UP-61 Routine Use of Focal Bladder Neck Cautery in 1116 consecutive Aquablation controls Postoperative Bleeding
Thursday June 27, 2019 from

Dean S. Elterman, Canada

Assistant Professor

Division of Urology

University Health Network, University of Toronto


Routine use of focal bladder neck cautery in 1116 consecutive aquablation controls postoperative bleeding

Dean S. Elterman1, Burhard Ubrig2.

1University Health Network, Toronto, ON, Canada; 2Witten/Herdecke University, Augusta-Kranken-Anstalt, Bochum, Germany

Introduction: To determine if focal bladder neck cautery effectively prevents blood transfusions across various prostate volumes following prostate tissue resection for benign prostatic hyperplasia using Aquablation.

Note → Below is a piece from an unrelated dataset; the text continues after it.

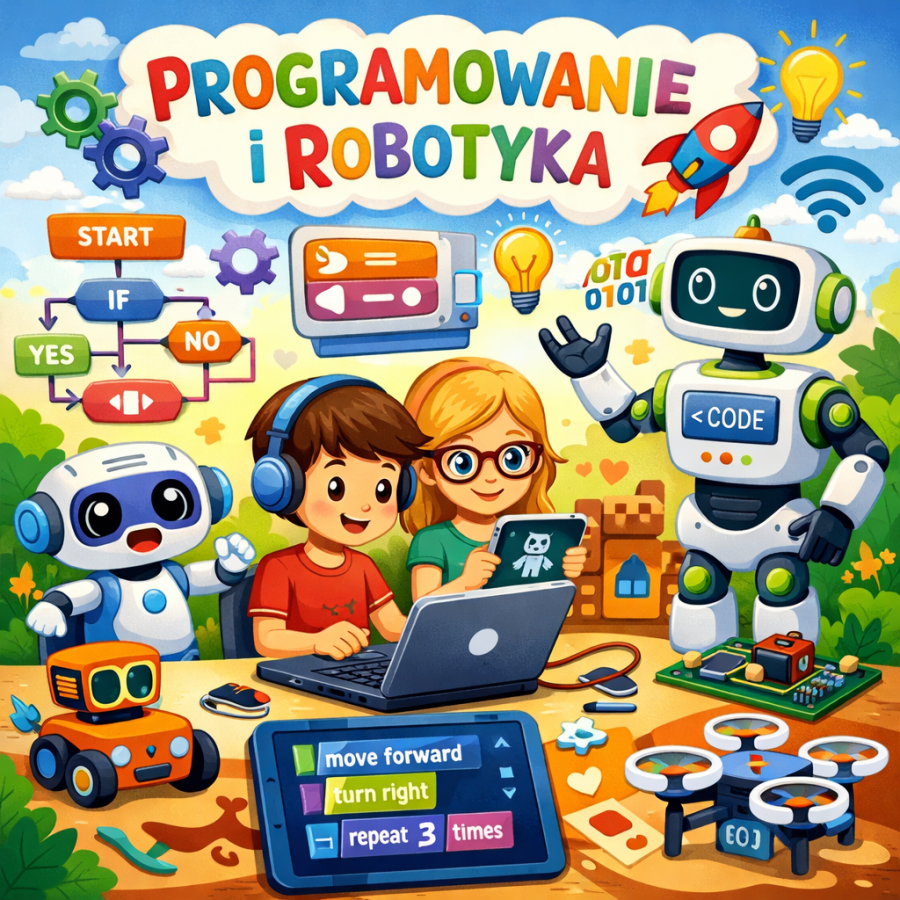 Podczas popołudniowych zajęć z robotyki i programowania w grupie „Misiów” dzieci w atrakcyjny i praktyczny sposób rozwijały kompetencje cyfrowe, logiczne myślenie oraz umiejętność planowania działań. Zajęcia prowadzone były z wykorzystaniem robota edukacyjnego Robot Doc oraz Ozobotów. Dzieci programowały Robota Doc na macie do kodowania, układając sekwencje poleceń tak, aby robot dojechał do wskazanej cyfry, co sprzyjało utrwalaniu znajomości cyfr, orientacji przestrzennej oraz rozumieniu zależności przyczynowo-skutkowych. Pracując z Ozobotami, uczestnicy zajęć tworzyli trasy i kody kolorystyczne na tablicy interaktywnej, a także korzystali z aplikacji Ozobot online, ucząc się podstaw programowania w formie zabawy. Dodatkowo dzieci projektowały trasy z puzzli i programowały przejazd Ozobotów po samodzielnie ułożonych ścieżkach. Zajęcia sprzyjały rozwijaniu koncentracji uwagi, wytrwałości w działaniu, współpracy w grupie oraz samodzielnego rozwiązywania problemów, łącząc naukę z aktywnym i twórczym działaniem.

Methods: Consecutive patients between late 2019 and August 2020 undergoing Aquablation followed by focal bladder neck cautery from 11 countries from Asia, Europe, and North America were evaluated for transfusions.

Results: 1,116 Aquablation cases were performed using focal bladder neck cautery with a mean prostate size of 81 cc (range 20 to 300cc). The average time spent after removing the handpiece to inserting the urinary catheter was 18 minutes. This segment of the procedure includes flushing, transitioning to the resectoscope, and cauterizing at the bladder neck. Postoperative bleeding requiring transfusion occurred in seven cases (0.6%, 95% CI 0.3%-1.3%). This result compares favorably (p<.0001) to the previously published hemostasis aggregate transfusion rate of 31/801 (3.9%) using methods performed in the years 2014 to 2019, Figure 1.

Conclusions: Routine use of additional focal bladder neck cautery subsequent to aquablation will bring down the risk of postoperative bleeding to a level known from TURP or HoLEP while preserving the main strategic goals of aquablation:  reliable desobstruction of the prostatic urethra, high safety profile for protection of the urinary sphincter, high efficacy in preserving antegrade ejaculation, minimizing and standardizing the ablative procedure.